A study determined that 7% of children under 18 years old lived with their father only. Find the probability that none of the 15 children, selected at random from all children under 18 years old, lived with their father only. The probability that none of the children lived with their father only is ? (Do not round until the final answer. Then round to the nearest thousandth as needed.)

Step 1 ：This is a binomial distribution problem where we are trying to find the probability of 0 successes (children living with their father only) in 15 trials (children selected at random). The probability of success on each trial is 0.07 (7%).

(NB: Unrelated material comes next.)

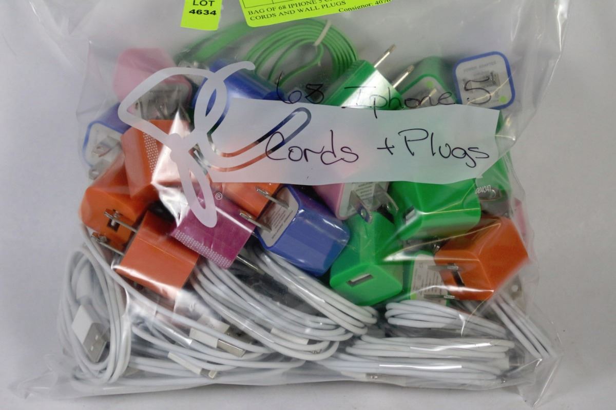 BAG OF 68 IPHONE 5 CHARGER CORDS AND WALL PLUGS

Step 2 ：The formula for the probability mass function of a binomial distribution is: \(P(X=k) = C(n, k) * (p^k) * ((1-p)^(n-k))\), where: \(P(X=k)\) is the probability of k successes in n trials, \(C(n, k)\) is the number of combinations of n items taken k at a time, \(p\) is the probability of success on each trial, \(n\) is the number of trials.

Step 3 ：In this case, we want to find \(P(X=0)\), so \(k=0\). The number of trials, \(n\), is 15, and the probability of success, \(p\), is 0.07. The number of combinations of 15 items taken 0 at a time, \(C(15, 0)\), is 1. So we can substitute these values into the formula to find the probability.

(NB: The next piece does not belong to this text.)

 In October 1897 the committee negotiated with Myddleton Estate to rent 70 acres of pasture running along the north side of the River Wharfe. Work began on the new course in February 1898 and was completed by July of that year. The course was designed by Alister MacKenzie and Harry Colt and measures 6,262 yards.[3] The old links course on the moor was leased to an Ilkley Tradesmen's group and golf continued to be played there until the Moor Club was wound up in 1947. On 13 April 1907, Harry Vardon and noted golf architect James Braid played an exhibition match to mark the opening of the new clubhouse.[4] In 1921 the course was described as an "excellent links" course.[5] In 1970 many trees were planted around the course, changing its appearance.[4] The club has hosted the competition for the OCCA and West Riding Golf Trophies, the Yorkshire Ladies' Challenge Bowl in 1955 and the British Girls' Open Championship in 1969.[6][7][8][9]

Step 4 ：Substituting the values into the formula, we get: \(P = C(n, k) * (p^k) * ((1-p)^(n-k)) = 1 * (0.07^0) * ((1-0.07)^(15-0)) = 0.3367008620516138\)

Step 5 ：The probability that none of the 15 children, selected at random from all children under 18 years old, lived with their father only is approximately 0.337.

Step 6 ：Final Answer: The probability that none of the 15 children, selected at random from all children under 18 years old, lived with their father only is approximately \(\boxed{0.337}\).